"Insidious" was quite a ride. With solid direction, good acting and decent writing, "Insidious" plays out as a somewhat respectable part of the recently prolific supernatural subgenre.
The film has a familiar narrative. In the surreal tradition of "The Exorcist" and "The Omen," "Insidious" follows a family with a child-related problem. The family’s young son Dalton has fallen into something resembling a coma, baffling his doctors and leaving his parents distraught. Strange things start happening in the family’s house. Objects move involuntarily, doors mysteriously open and shut, and unsettling occurrences plague the night. It soon appears that something supernatural is at work.
When the house’s haunting climaxes in the form of a phantom intruder, the family opts to move into a new house and put their experiences out of mind. It becomes clear that leaving the troubled house did not solve the family’s problem. The entity has followed them, and it has apparently grown bolder, angrier and scarier. The family has a psychic visit their new house, and she confirms what the audience can already infer: evil forces are influencing young Dalton’s health and his soul is in terrible danger.
The story may sound average and lacking in originality, but "Insidious" does not disappoint.

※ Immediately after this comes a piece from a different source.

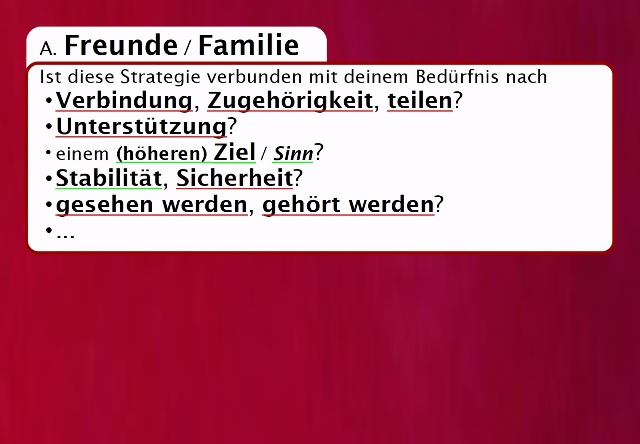 Die Rückseite jeder Karte bietet eine Möglichkeit die Bedürfnisse hinter diese Strategie zu finden. Welche Bedürfnisse erfüllt diese Strategie in diesem Moment? Welche Bedürfnisse werden nicht ausreichend erfüllt? Vielleicht ist es angenehm, dass Freunde / Familie Dein Bedürfnis nach Zugehörigkeit erfüllen. Vielleicht ist es gleichzeitig weniger angenehm, dass Freunde / Familie einige Punkte / Themen, die für Dich wichtig sind, scheinbar nicht hören und sehen (wollen). Welches Bedürfnis möchte gefunden und gehört werden?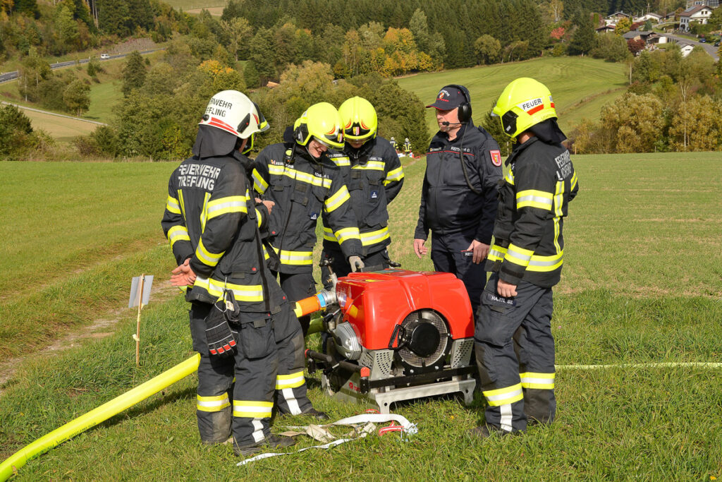 An zwei Lehrgangstagen wurden die angehenden Maschinisten an der TS sowie an kraftbetriebene Geräte ausgebildet und unterwiesen. Das Kernelement dieses Lehrganges ist die Tragkraftspritze in allen Funktionen und Bauteilen kennen zu lernen und dieses Wissen in die Praxis umzusetzen. Egal ob an einem Fluss oder Hydranten Wasser entnommen wird, müssen die richtigen Handgriffe sitzen um eine konstante Löschwasserförderung zu gewährleisten. Umso wichtiger wird dies, wenn es sich um eine Löschwasserförderung über lange Wegstrecken handelt. Dies wurde in einer Länge von 1000 m von der großen Rodl nach Sonnberg simuliert. Ziel war es den Teilnehmenden zu zeigen, welche Schwierigkeiten wie Druckschwankungen, Öffnen von Ventilen bzw. Fehlerquellen zustande kommen können die schwere Auswirkungen an der TS oder der zu fördernden Wassermenge haben.

The scares and jumps in the first two acts were genuinely frightening and executed quite well. The writing and acting during this first portion of the film was decent despite its far-fetched subject matter, with Patrick Wilson ("Watchmen") and Rose Byrne ("Get Him to the Greek,") both giving respectable performances as the troubled child’s parents.

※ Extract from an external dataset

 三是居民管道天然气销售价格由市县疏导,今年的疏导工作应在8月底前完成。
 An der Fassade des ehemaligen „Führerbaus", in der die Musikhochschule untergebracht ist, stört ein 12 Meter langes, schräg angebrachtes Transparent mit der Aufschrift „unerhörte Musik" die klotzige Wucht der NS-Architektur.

The film’s third act was absolutely atrocious in every way possible. The writing stops short, the narrative collapses in on itself, the acting suffers, and the direction and cinematography become unbelievably bad. The revealing of the film’s most foreboding demon is a completely laughable letdown, and the ending left more than a few people groaning in the theater.
What’s noteworthy about "Insidious" is the way it introduces its supernatural elements. The strong first acts derive their strength from the way the writer and director progress the weird events the family experiences from mild to severe, by using various standard horror techniques and devices in such a sequence that forms into an intriguing and frightening film. Moreover, the story’s use of astral projection (the soul leaving the body as one sleeps) as a major plot device moves the film into territory not commonly approached by Hollywood.

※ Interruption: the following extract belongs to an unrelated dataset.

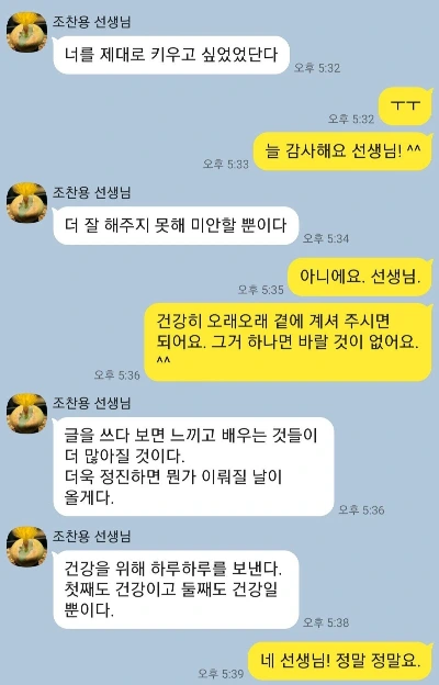 한 번도 말하지 못했다. 뭐가 그렇게 힘든 것인지. 왜 시가 쓰고 싶은지. 왜 소설을 쓰고 싶은지를. 그러나 선생님은 알고 계신지도 몰랐다. 어느 날엔가 선생님께서 카톡 메시지를 보내셨다.

All things considered, "Insidious" was enjoyable. It was suspenseful, engaging, and frightening with little yielding. The scares are paced just right, so that the audience never knows when exactly the next one will occur. Insidious lives up to its potential as genre runoff, as a side project of the creative talents behind "Paranormal Activity" and "Saw. To all those seeking something purely original, I’d say move on. To everyone else, "Insidious" is worth seeing.